--- Work order ---
A faithful copy of the entries is needed, one that leaves out the pictures.

..........

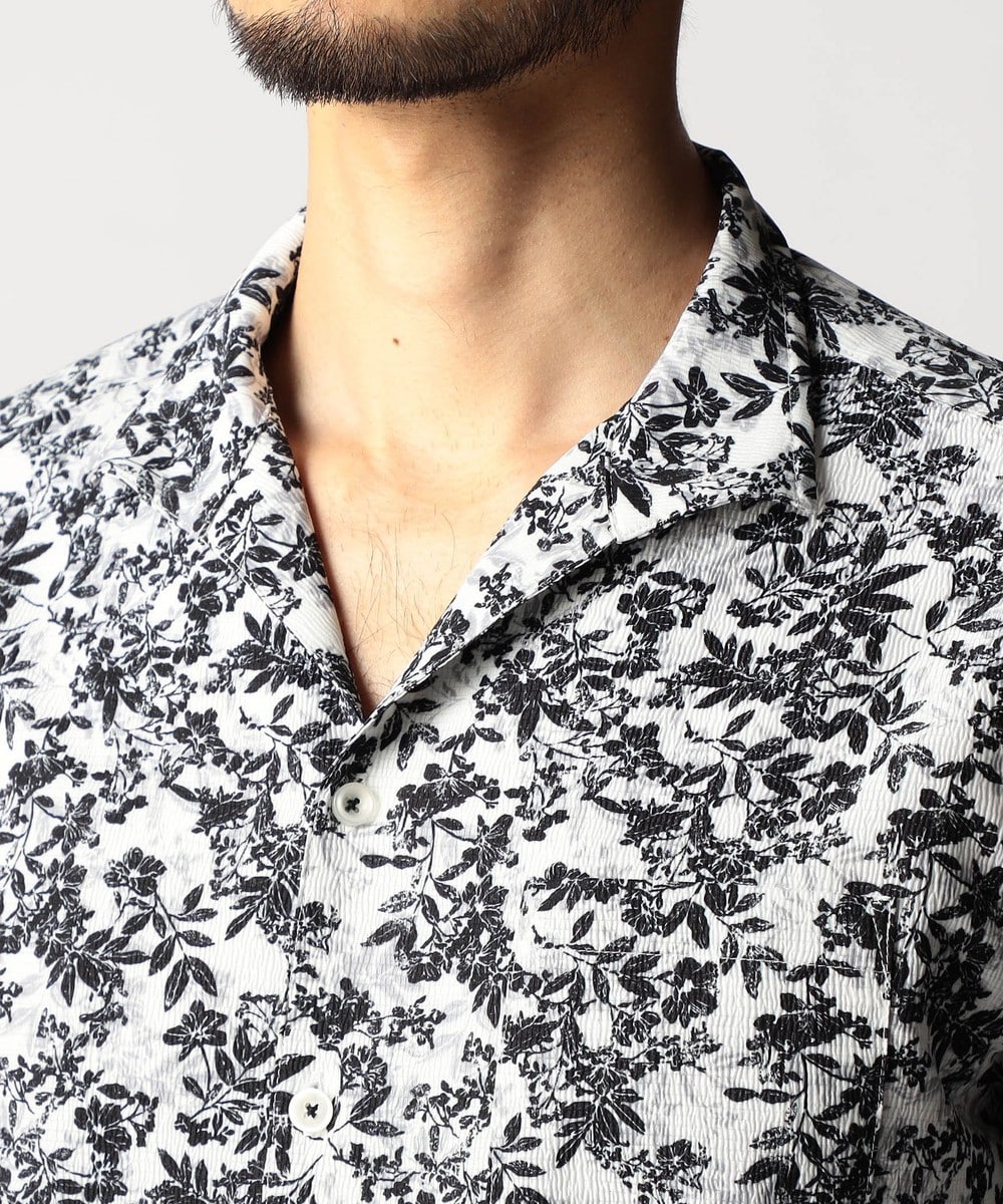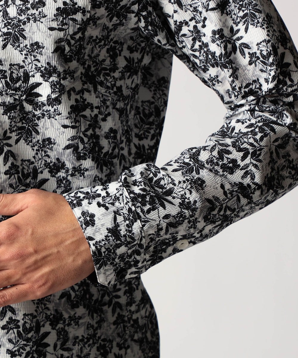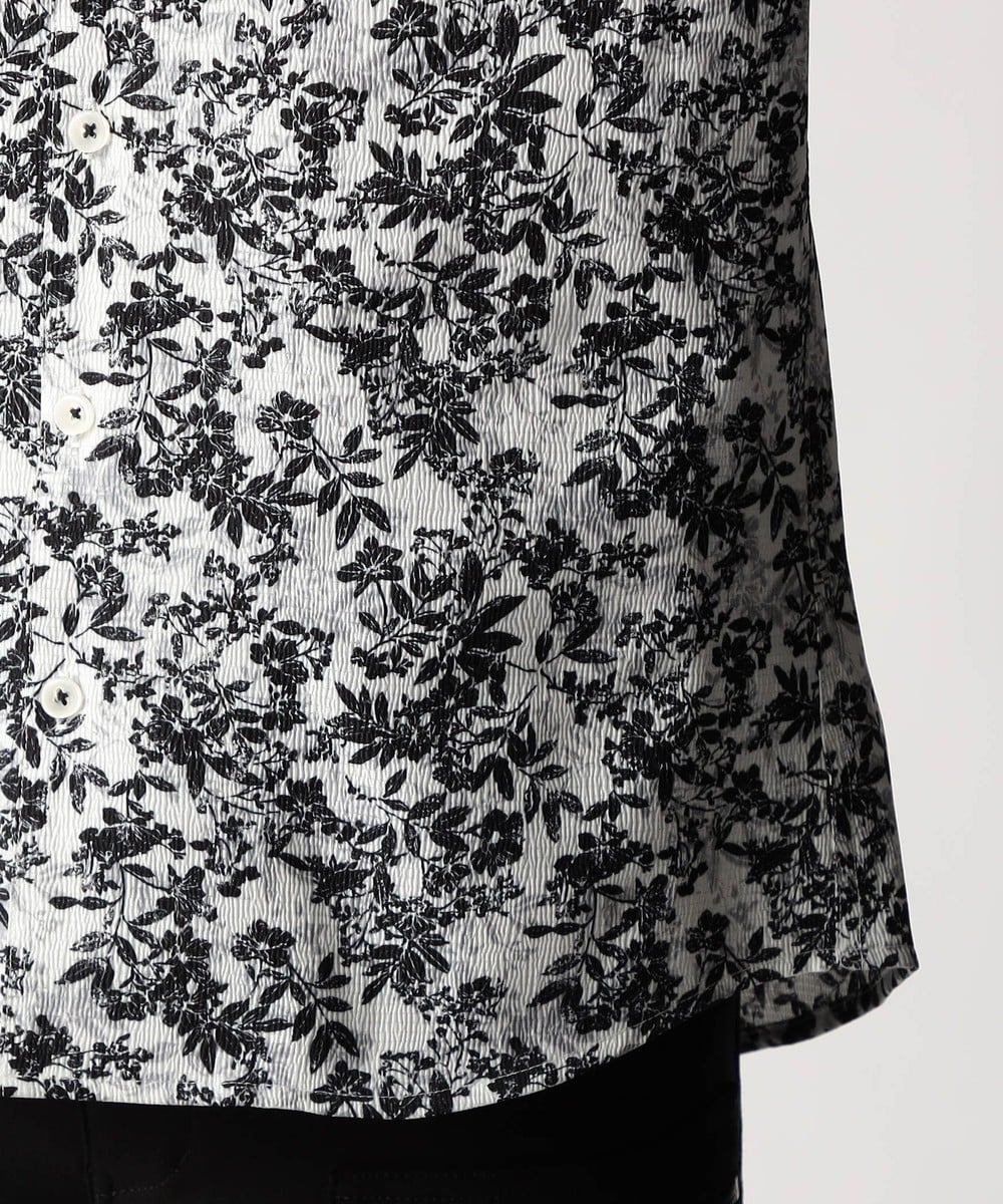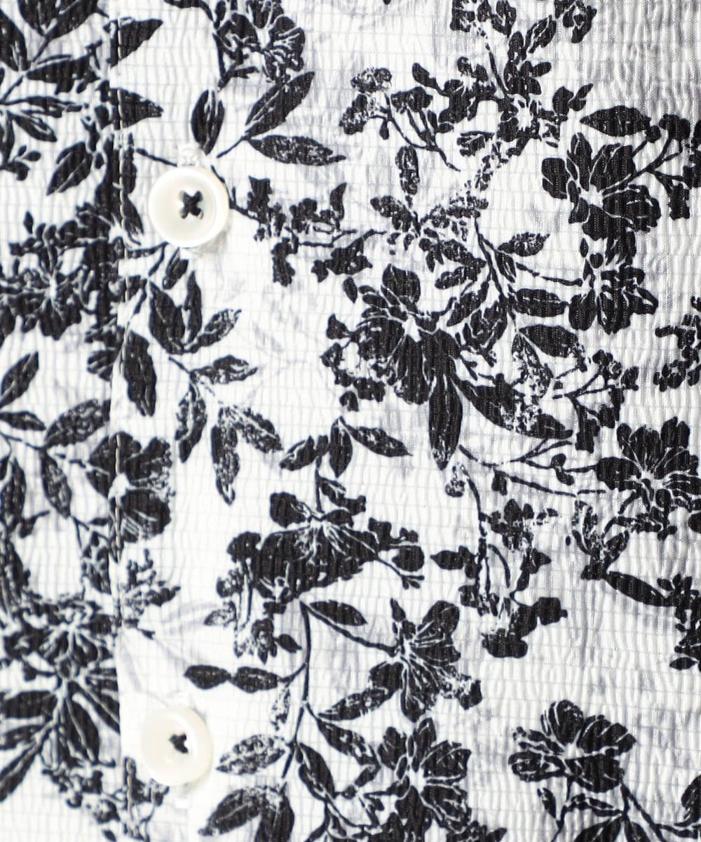 マイクロメッシュのポリエステル素材に細かいリップル(シワ)加工を施した生地がベース。09オフ?グレー/60オフ?ブルーは、掠れさせたボタニカル柄の同色系プリント、91その他2オフ?ブラック/92その他3ブラック?オフは、掠れた小花柄プリント柄の配色展開です。92その他3は、白場を目立たせたいので、柄全体を少し大きくして、見た目にこだわっています。ベース素材のナチュラルなワッシャー感にサラッとした清涼感、程良いマルチストレッチが特徴です。
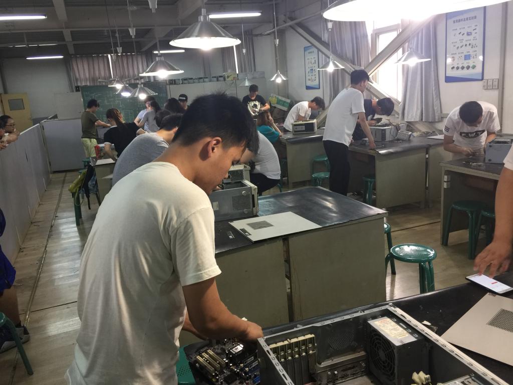 为丰富老员工的课余生活,增强员工科技创新意识和动手能力,营造良好的校园科技文化氛围,金年会金字招牌诚信至上于6月21日中午在实验楼四楼成功举办计算机组装大赛,评委由负责计算机组装实训课程的王民老师担任。
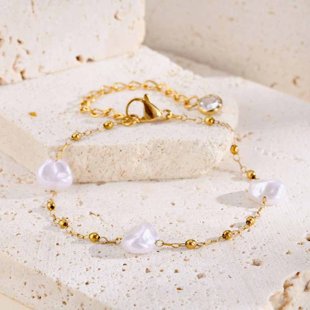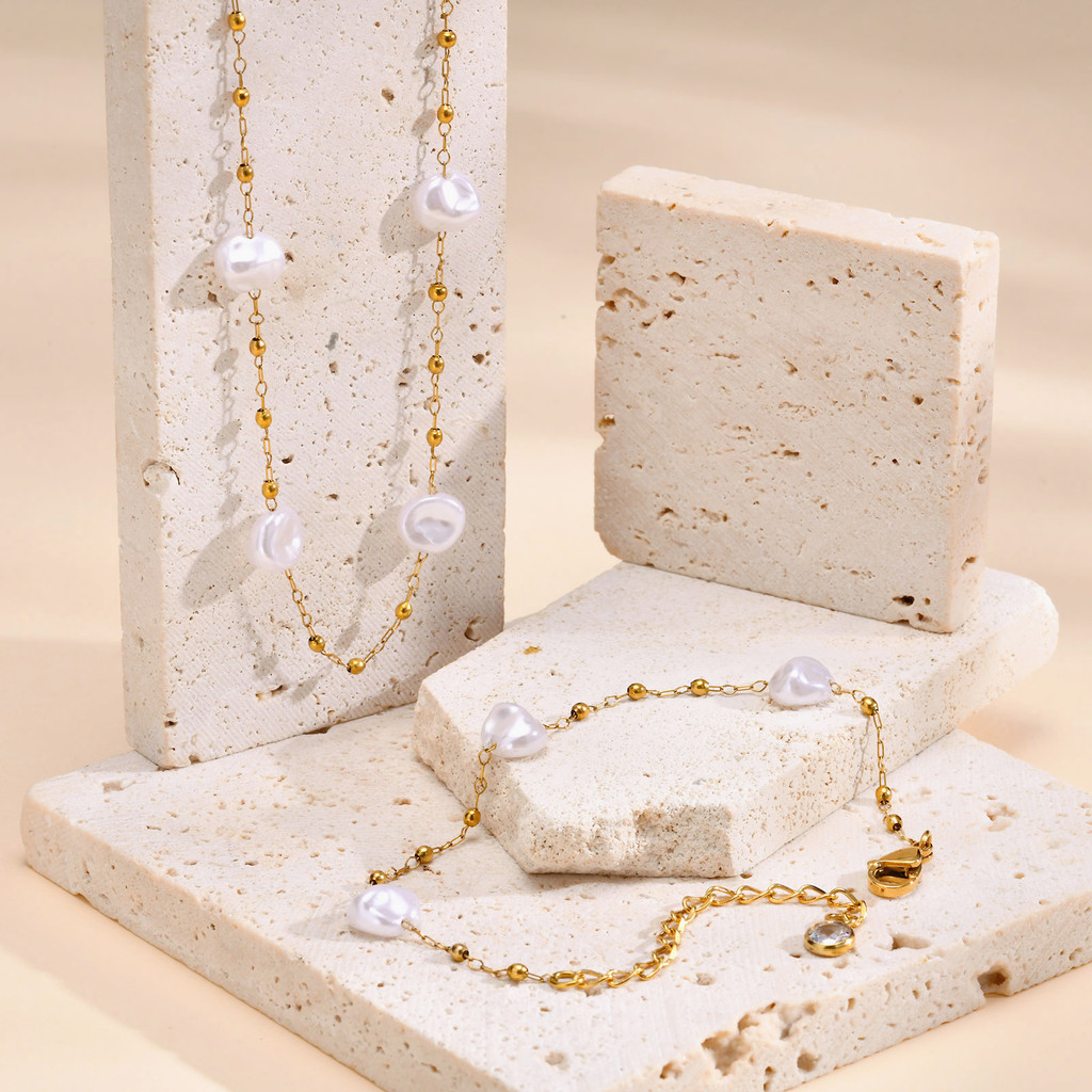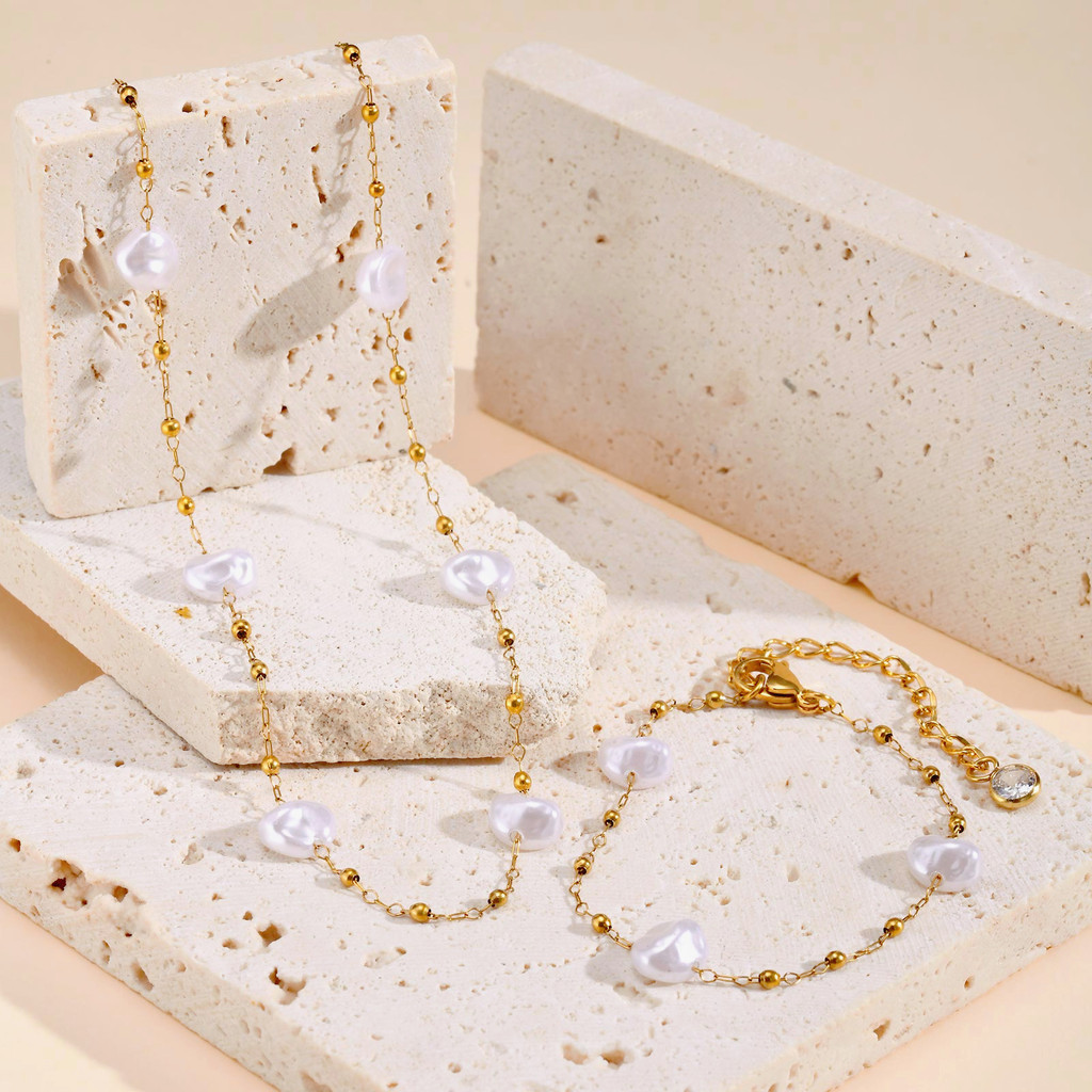Conjunto De Pulseira De Pérolas Barrocas Vnox Para Mulheres E Meninas , Joias Minimalistas De Aço Inoxidável Dourado Sem
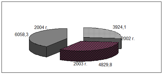 Данные таблицы позволяют наглядно изобразить основные экономические показатели. Товарооборот за 2002-2003 годы изменялся положительными темпами. В 2003 году темп роста составил 25,6% ((4829,8/3924,1) ´100% -100%). В 2004 году по сравнению с 2003 годом темп роста составил 25, 4%, то есть имеет место стабильный рост товарооборота от года к году. По сравнению с 2002 годом рост товарооборота составил 54%, то есть предприятие увеличило товарооборот больше чем в половину. Рассмотрим на диаграмме изменения в товарообороте за эти годы (рис.2.2).
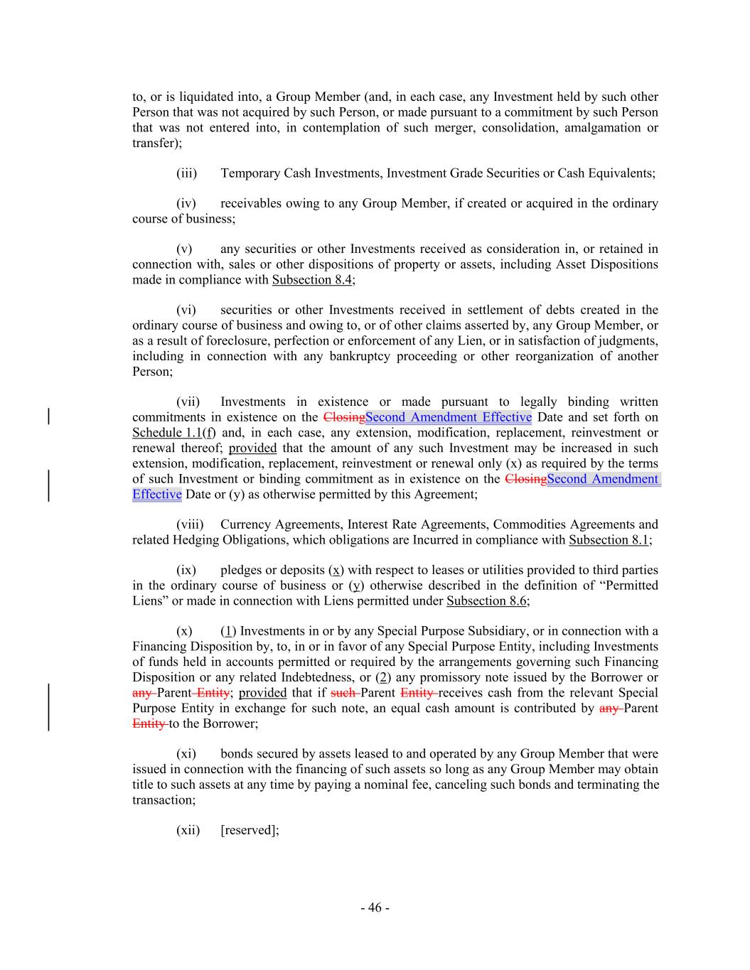 to, or is liquidated into, a Group Member (and, in each case, any Investment held by such other Person that was not acquired by such Person, or made pursuant to a commitment by such Person that was not entered into, in contemplation of such merger, consolidation, amalgamation or transfer); (iii) Temporary Cash Investments, Investment Grade Securities or Cash Equivalents; (iv) receivables owing to any Group Member, if created or acquired in the ordinary course of business; (v) any securities or other Investments received as consideration in, or retained in connection with, sales or other dispositions of property or assets, including Asset Dispositions made in compliance with Subsection 8.4; (vi) securities or other Investments received in settlement of debts created in the ordinary course of business and owing to, or of other claims asserted by, any Group Member, or as a result of foreclosure, perfection or enforcement of any Lien, or in satisfaction of judgments, including in connection with any bankruptcy proceeding or other reorganization of another Person; (vii) Investments in existence or made pursuant to legally binding written commitments in existence on the ClosingSecond Amendment Effective Date and set forth on Schedule 1.1(f) and, in each case, any extension, modification, replacement, reinvestment or renewal thereof; provided that the amount of any such Investment may be increased in such extension, modification, replacement, reinvestment or renewal only (x) as required by the terms of such Investment or binding commitment as in existence on the ClosingSecond Amendment Effective Date or (y) as otherwise permitted by this Agreement; (viii) Currency Agreements, Interest Rate Agreements, Commodities Agreements and related Hedging Obligations, which obligations are Incurred in compliance with Subsection 8.1; (ix) pledges or deposits (x) with respect to leases or utilities provided to third parties in the ordinary course of business or (y) otherwise described in the definition of “Permitted Liens” or made in connection with Liens permitted under Subsection 8.6; (x) (1) Investments in or by any Special Purpose Subsidiary, or in connection with a Financing Disposition by, to, in or in favor of any Special Purpose Entity, including Investments of funds held in accounts permitted or required by the arrangements governing such Financing Disposition or any related Indebtedness, or (2) any promissory note issued by the Borrower or any Parent Entity; provided that if such Parent Entity receives cash from the relevant Special Purpose Entity in exchange for such note, an equal cash amount is contributed by any Parent Entity to the Borrower; (xi) bonds secured by assets leased to and operated by any Group Member that were issued in connection with the financing of such assets so long as any Group Member may obtain title to such assets at any time by paying a nominal fee, canceling such bonds and terminating the transaction; (xii) [reserved]; - 46 -

..........

--- Final answer ---
 マイクロメッシュのポリエステル素材に細かいリップル(シワ)加工を施した生地がベース。09オフ?グレー/60オフ?ブルーは、掠れさせたボタニカル柄の同色系プリント、91その他2オフ?ブラック/92その他3ブラック?オフは、掠れた小花柄プリント柄の配色展開です。92その他3は、白場を目立たせたいので、柄全体を少し大きくして、見た目にこだわっています。ベース素材のナチュラルなワッシャー感にサラッとした清涼感、程良いマルチストレッチが特徴です。
 为丰富老员工的课余生活,增强员工科技创新意识和动手能力,营造良好的校园科技文化氛围,金年会金字招牌诚信至上于6月21日中午在实验楼四楼成功举办计算机组装大赛,评委由负责计算机组装实训课程的王民老师担任。
Conjunto De Pulseira De Pérolas Barrocas Vnox Para Mulheres E Meninas , Joias Minimalistas De Aço Inoxidável Dourado Sem
 Данные таблицы позволяют наглядно изобразить основные экономические показатели. Товарооборот за 2002-2003 годы изменялся положительными темпами. В 2003 году темп роста составил 25,6% ((4829,8/3924,1) ´100% -100%). В 2004 году по сравнению с 2003 годом темп роста составил 25, 4%, то есть имеет место стабильный рост товарооборота от года к году. По сравнению с 2002 годом рост товарооборота составил 54%, то есть предприятие увеличило товарооборот больше чем в половину. Рассмотрим на диаграмме изменения в товарообороте за эти годы (рис.2.2).
 to, or is liquidated into, a Group Member (and, in each case, any Investment held by such other Person that was not acquired by such Person, or made pursuant to a commitment by such Person that was not entered into, in contemplation of such merger, consolidation, amalgamation or transfer); (iii) Temporary Cash Investments, Investment Grade Securities or Cash Equivalents; (iv) receivables owing to any Group Member, if created or acquired in the ordinary course of business; (v) any securities or other Investments received as consideration in, or retained in connection with, sales or other dispositions of property or assets, including Asset Dispositions made in compliance with Subsection 8.4; (vi) securities or other Investments received in settlement of debts created in the ordinary course of business and owing to, or of other claims asserted by, any Group Member, or as a result of foreclosure, perfection or enforcement of any Lien, or in satisfaction of judgments, including in connection with any bankruptcy proceeding or other reorganization of another Person; (vii) Investments in existence or made pursuant to legally binding written commitments in existence on the ClosingSecond Amendment Effective Date and set forth on Schedule 1.1(f) and, in each case, any extension, modification, replacement, reinvestment or renewal thereof; provided that the amount of any such Investment may be increased in such extension, modification, replacement, reinvestment or renewal only (x) as required by the terms of such Investment or binding commitment as in existence on the ClosingSecond Amendment Effective Date or (y) as otherwise permitted by this Agreement; (viii) Currency Agreements, Interest Rate Agreements, Commodities Agreements and related Hedging Obligations, which obligations are Incurred in compliance with Subsection 8.1; (ix) pledges or deposits (x) with respect to leases or utilities provided to third parties in the ordinary course of business or (y) otherwise described in the definition of “Permitted Liens” or made in connection with Liens permitted under Subsection 8.6; (x) (1) Investments in or by any Special Purpose Subsidiary, or in connection with a Financing Disposition by, to, in or in favor of any Special Purpose Entity, including Investments of funds held in accounts permitted or required by the arrangements governing such Financing Disposition or any related Indebtedness, or (2) any promissory note issued by the Borrower or any Parent Entity; provided that if such Parent Entity receives cash from the relevant Special Purpose Entity in exchange for such note, an equal cash amount is contributed by any Parent Entity to the Borrower; (xi) bonds secured by assets leased to and operated by any Group Member that were issued in connection with the financing of such assets so long as any Group Member may obtain title to such assets at any time by paying a nominal fee, canceling such bonds and terminating the transaction; (xii) [reserved]; - 46 -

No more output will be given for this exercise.